In the case of prosthetic activation of RGCs, the reconstruction procedure produced a degraded image, in which few features of the original image are easily recognizable (Fig. 4H). This degradation is not surprising given that the ON and OFF bipolar cells, and thus the ON and OFF RGCs, are activated similarly by the simulated prosthesis (Fig. 4B, C, D, E). As a consequence, because spikes from ON and OFF RGCs (Fig. 3B, C, D, E) are treated oppositely in reconstruction optimized for the normal retina (Fig. 3F, G), their contributions to the full reconstructed image would often be expected to cancel. This interpretation was confirmed by examination of the ON and OFF reconstructions separately: the two groups of cells each produced more accurate reconstructions (ignoring the sign of the reconstructed contrast) individually (Fig. 4F, G) than when combined. Averaged over test images, the root mean square (RMS) error for reconstruction with all cells was 0.09 in the normal retina simulation, and 0.22 for prosthesis stimulation. Note that this model does not include the possible effects of retinal degeneration, which will be addressed below. As a comparison, the RMS error obtained with temporally shuffled spikes bearing no relationship to the visual stimulus was 0.24. Thus, a computation that assumes ON and OFF RGCs are equally stimulated, and that their signals are used to reconstruct the visual scene as they would be for healthy retina, predicts that the perceived visual image with a prosthesis is severely degraded.
Under these assumptions, factors that might otherwise be expected to improve prosthesis function, namely the density of electrodes and magnitude of current spread, had little impact on reconstruction performance. For example, reducing electrode spacing and current spread by a factor of two produced a decrease in RMS error of only 4.5% (Fig. 6E, regression line). Thus, the effects of nonspecific activation can in principle be so severe that incremental technical advances in prosthesis design would be of little value.
The naive prediction of severely degraded artificial vision above appears inconsistent with patient reports from existing prosthesis technologies, which indicate that some degree of spatial vision is in fact possible (see Goetz and Palanker 2016). One possibility, suggested by the dominance of “bright” (rather than “dark”) phosphenes reported by patients (Stingl et al. 2013), as well as by hypothesized asymmetries in electrical activation of ON vs. OFF cells (Werginz et al. 2015; Cottaris and Elfar 2005), is that the contribution of ON cells to artificial vision is stronger than that of OFF cells, reducing the problematic cancellation of visual signals described above. To simulate this hypothesis in an extreme form, reconstruction was performed using only ON cells (Fig. 4F), with no contribution from OFF cells.
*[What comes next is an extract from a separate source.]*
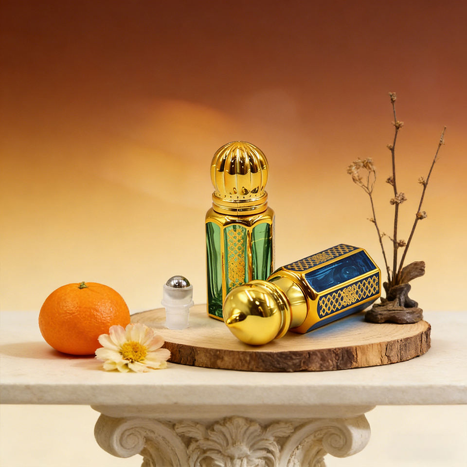 ขวดแก้วโรลออนลายอาร์ตเดโคแบบตะวันออก ขนาด 3 มล. 6 มล. 10 มล. 12 มล. ฝาครอบมงกุฎทองหรูหราสำหรับน้ำมันบำรุงผิวและน้ำหอม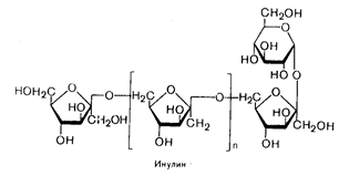 Другим представителем полисахаридов является инулин. Он относится к группе фруктозанов, т.е. полимеров, построенных из остатков фруктозы. Подобно крахмалу, представляет собой важное запасное вещество многих растений. Используется в основном для получения фруктозы. Молекулярный вес инулина составляет около 5-6 тысяч Да. Полимерная цепь инулина построена из 34-36 остатков фруктозы, соединенных b-гликозидной связью и заканчивается нередуцированным остатком a-D-глюкопиранозы:

In this simulation, the average RMS reconstruction error across images was 0.14 (Fig. 6F), a value less accurate than in the healthy condition (0.09), but more accurate than was obtained using both ON and OFF RGCs (0.22). Note, however, that in this condition the additional improvement in performance provided by higher resolution stimulation was still only 8% (Fig. 6F). In sum, the artificial vision provided by retinal prostheses in the clinic could benefit substantially from a dominance of specific cell types, though large improvements in spatial resolution may still be difficult to achieve.
Degenerated Retina
How would changes in retinal circuitry that occur during degeneration affect the ability to accurately reconstruct the image from prosthesis stimulation? This was tested by simulating the degeneration process as described above.
The effect of simulated degeneration can be observed in the patterns of RGC activation (Fig. 5B, C, D, E), which show a marked difference from the patterns for the healthy retina under prosthesis stimulation (Fig. 4B, C, D, E). The similarity between the activation patterns and the stimulus is much less apparent with simulated degeneration. As in the healthy retina condition, reconstruction with the full response was inaccurate (Fig. 5H), consistent with non-specific activation of ON and OFF cells. Reconstruction using only ON cells in the degenerated retina was also inaccurate (Fig. 5F) with an RMS error of 0.20 (Fig. 7F), substantially higher than the value in the healthy retina simulation (0.14). In summary, the effects of simulated degeneration are severe, causing substantial additional degradation of reconstruction beyond the degradation produced by nonspecific activation with the prosthesis.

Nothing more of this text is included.